For a long time, I’ve argued that eventually HTTP would be the protocol behind everything. We’ve already seen HTTP start being the main interface to e-mail (web mail), and HTTP become a key Remote Procedure Call technology (using SOAP and web services). It even seems to be the underlying protocol for Subversion.
So it should be no surprise, then, that I’m a big fan of the WebDAV specification. WebDAV was originally intended to be the HTTP-based protocol for tools like Subversion and CVS. It uses HTTP requests to create, inspect, update and version objects on a web server.
I’ve written any number of utilities that work on top of WebDAV, and I once contributed to the Apache Slide project. But I’ve been a bit saddened by WebDAV’s lack of adoption. Really, no big developments have happened with WebDAV since Microsoft office launched their support.
Except, I’ve just run across CalDAV: a WebDAV-based approach to calendaring. It’s competing with iCal and a handful of other calendar standards.

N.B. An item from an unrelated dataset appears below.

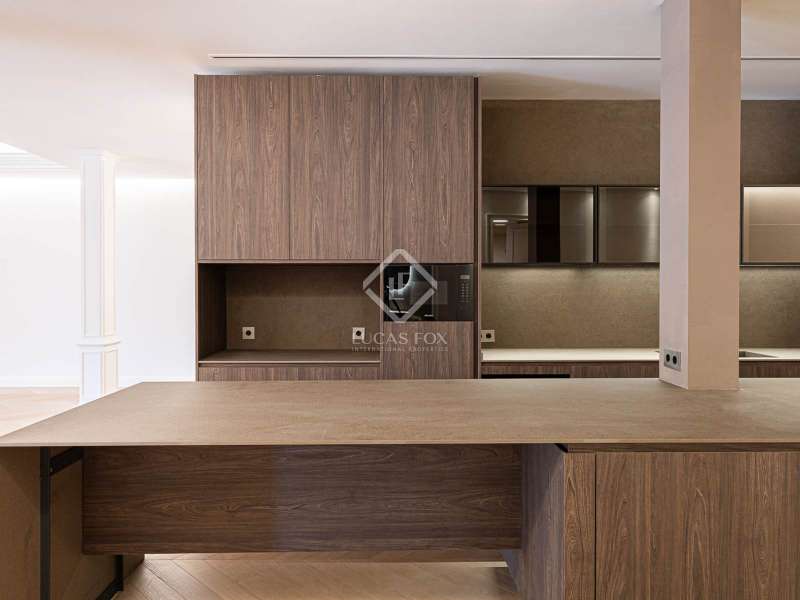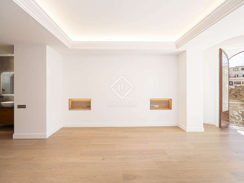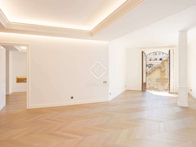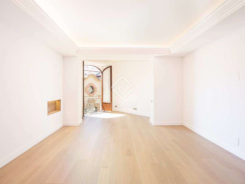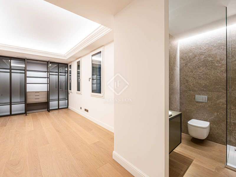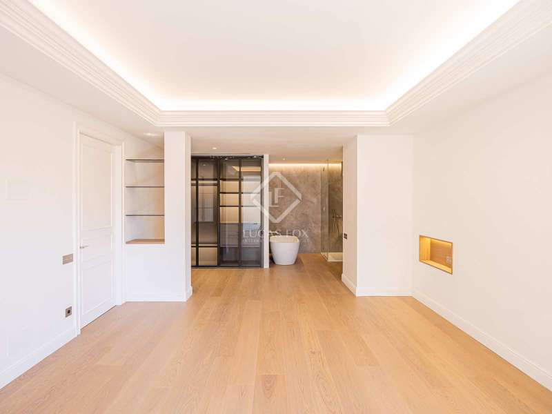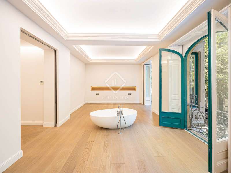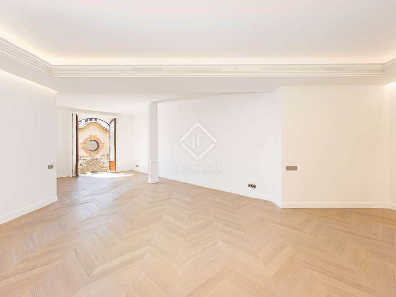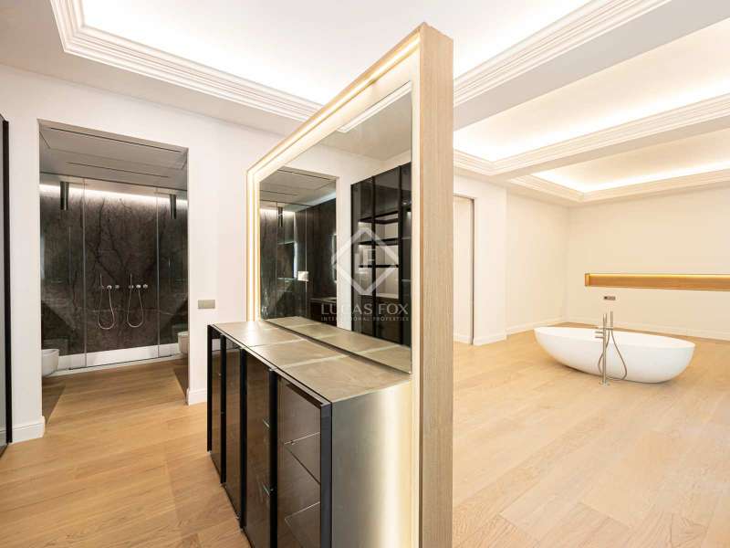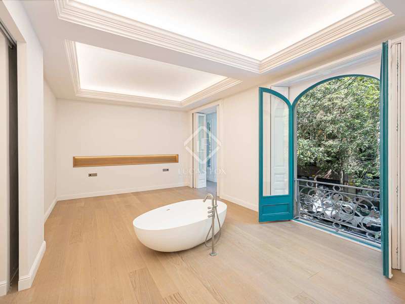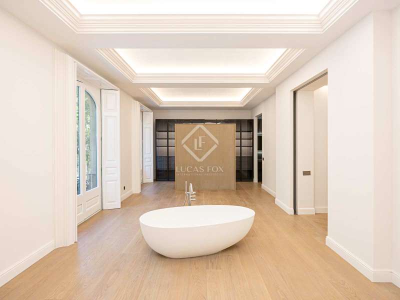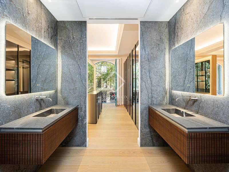 Lucas Fox presents this 347 m² brand-new flat, refurbished with top-of-the-line finishes and the utmost attention to detail and an old-meets-new, urban vibe, located in the most sought after area of Eixample Right. It is located on the first floor of a royal period building from 1885 with an entrance full of beautiful modernist details, an elevator and concierge service. Composed of four en-suite bedrooms with built-in wardrobes (the crown jewel of them being a huge main suite of about 60 m², accessible through automatic sliding doors and featuring a typical Catalan 'galería', a small living room adjacent to its own living room and a central bathtub, as well as two separate showers and sinks), a spacious, east-facing, bright living room of 110 m², featuring a magnificent open-plan kitchen with fitted appliances, a large island bar, a guest toilet, a spacious laundry with seperate washing machine and dryer. As an extra, this listing also includes a storage room of about 9 m² in the rooftop, accessible via a spacious lift. Completely refurbished from top to bottom, its current owners spared no expense when renovating and used the very best materials: 14 mm. thick, herringbone patterned Italian oak parquet, ducted air conditioning and heating, top-of-the-line acoustic insulation (original exterior carpentry upgraded with brand new 3+3 glass, and electrical mechanisms by Iconico - Palanca collection with brushed nickel finish). There is a Modulnova furnished kitchen and Moongrey surface top, household appliances from De Dietrich and Miele brands (including its 90 cm induction hob and extractor), 2 fitted ovens of 60x60 cm and 60x45 cm as well as a microwave, warming drawer, integrated dishwasher and wine cooler, as well as a Liebherr double American refrigerator. The bedrooms also feature the very best specifications, including Novamobili wardrobes and dressing rooms with smoked glass and matt black profiles, Porcelanosa and Matimex tiles, Nic Design Ovvio sanitary ware, Inbani washbasins, Lasser shower enclosures, brushed-nickel taps by Formma Design and Iconico and a stylish Inbani freestanding bathtub with Solid Surface finish in the main suite. Please feel free to contact us for further information and to arrange a viewing.

I suspect WebDAV will have the same problem with calendaring as it had with source code repositories: people are pretty-much tied in to a main calendaring technology and do feel the need to have a new protocol. But people are starting to feel more and more need to schedule meetings across multiple organizations.
It’s a long shot, but I’m hungry for something to break WebDAV out of the slump it’s been in.